### WHAT NEEDS TO BE DONE
Beginning with the line that includes "10The abstract game", return every remaining line of the material exactly as it reads, but not the pictures.

### MATERIAL FOR THIS TASK
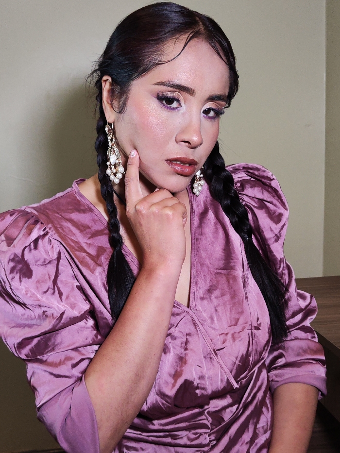 A woman with braided dark hair and purple eyeshadow poses in front of a wall. She wears large, ornate earrings and a shiny, mauve-colored blouse with puffed sleeves. Her right hand is raised, with her index finger touching her cheek in a contemplative gesture. She has a slight frown and is looking directly at the camera. A portion of a wooden surface is visible in the bottom right corner.
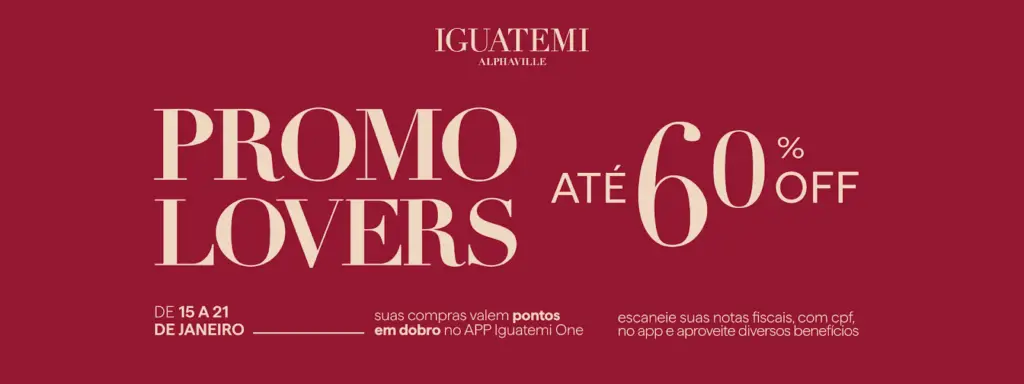 “A Promo Lovers é uma oportunidade de retribuir a preferência dos nossos clientes, oferecendo vantagens reais e uma experiência de compra ainda mais completa. Queremos que o público aproveite de forma completa: os descontos e os benefícios do nosso aplicativo, reforçando o Iguatemi Alphaville como um destino de compras, lazer e conveniência para toda a região”, destaca Verônica Marandini, gerente de marketing do empreendimento.
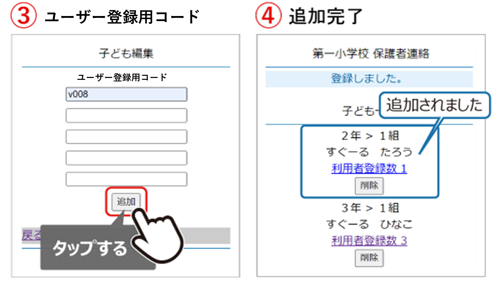 子ども一覧から登録を削除したい子どもの「削除」をタップします。
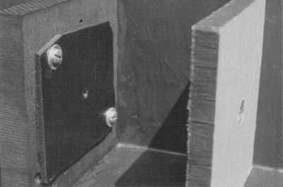 I mounted the mirror to the second baffle at 45 degrees by carefully cutting and gluing scrap blocks of plastic with Super Glue. Avoid vinyl; Super Glue adheres poorly to it. Try to position the mirror as accurately as possible both horizontally and vertically, by measuring angles carefully. Any inaccuracies must be compensated by adjusting the postion of the eyepiece. If you opt for an adjustable lens (instead of an adjustable target assembly), then the mirror need not be mounted to the baffle; it can be mounted to the enclosure instead.
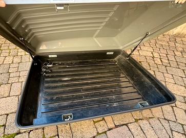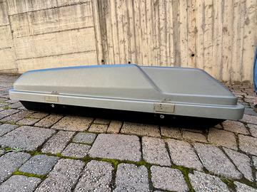 Vendo come da foto baule in buono stato, con ganci, universale (non le staffe da tetto) Dimensioni 130 lunghezza, 90 larghezza, 35 altezza (400 litri)
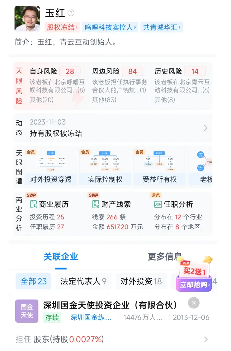 此时的币安,自身也正处多事之秋。根据相关消息,创始人赵长鹏虽在2025年10月获得特朗普政府赦免,但其在2024年4月因反洗钱问题被判处四个月监禁的经历,以及联合创始人何一的共同卷入的事件,都让这一巨头形象受损。 至于360集团,此前经历了一段业绩承压期,2022年至2024年360连续三年录得亏损。进入2025年后,经营状况呈现改善迹象。财报显示,2025年前三季度360实现营业总收入60.68亿元,同比增长8.18%;归母净利润虽仍亏损1.22亿元,但较上年同期5.79亿元的亏损额已收窄。 至于这场突如其来的“反目”原因何在?除了商业恩怨,玉红自身的处境也值得关注。 天眼查显示,玉红目前任职的23家企业中,多家已被吊销或其持有的股份被冻结。
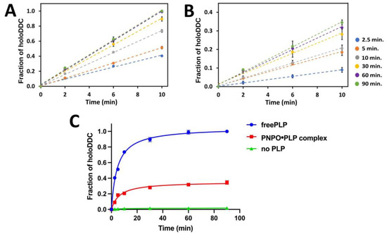 PLP transfer from PNPO•PLP to apoDDC. (A,B) Activation of apoDDC after 2.5, 5, 10, 30, 60, and 90 min of incubation with free PLP (A) and PNPO•PLP complex (B). (C) Final plot displaying dopamine formation at different activation time points. Data were fitted and analyzed using prism GraphPad software. The PLP transfer rate with free PLP, PNPO•PLP, or no PLP source is depicted by the blue, red, and green lines of fitted data, respectively.
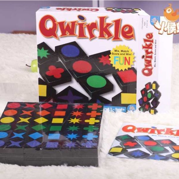 10The abstract game of Qwirkle consists of 108 wooden blocks with six different shapes in six different colors. There is no board, players simply use an available flat surface. Players begin the game with six blocks. The start player places blocks of a single matching attribute (color or shape but not both) on the table. Thereafter, a player adds blocks adjacent to at least one previously played block. The blocks must all be played in a line and match, without duplicates, either the color or shape of the previous block. Players score one point for each block played plus all blocks adjacent. It is possible for a block to score in more than one direction. If a player completes a line containing all six shapes or colors, an additional six points are scored. The player then refills his hand to six blocks. The game ends when the draw bag is depleted and one player plays all of his remaining blocks, earning a six point bonus. The player with the high score wins.
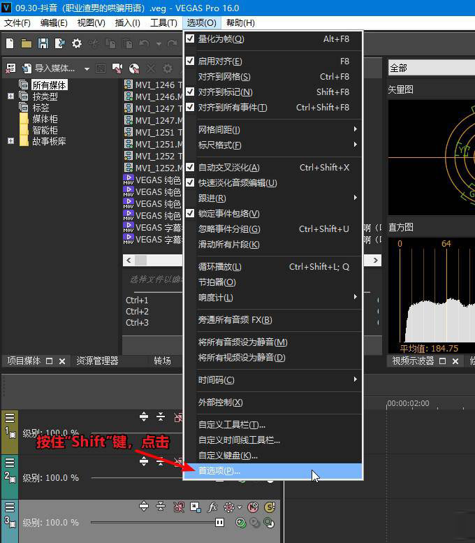 一、打开软件,按住键盘上的“shift”键的同时,并点击软件菜单栏的“选项”→“首选项”,打开“首选项”面板,如下图所示:

### RESULT BELOW
 10The abstract game of Qwirkle consists of 108 wooden blocks with six different shapes in six different colors. There is no board, players simply use an available flat surface. Players begin the game with six blocks. The start player places blocks of a single matching attribute (color or shape but not both) on the table. Thereafter, a player adds blocks adjacent to at least one previously played block. The blocks must all be played in a line and match, without duplicates, either the color or shape of the previous block. Players score one point for each block played plus all blocks adjacent. It is possible for a block to score in more than one direction. If a player completes a line containing all six shapes or colors, an additional six points are scored. The player then refills his hand to six blocks. The game ends when the draw bag is depleted and one player plays all of his remaining blocks, earning a six point bonus. The player with the high score wins.
 一、打开软件,按住键盘上的“shift”键的同时,并点击软件菜单栏的“选项”→“首选项”,打开“首选项”面板,如下图所示:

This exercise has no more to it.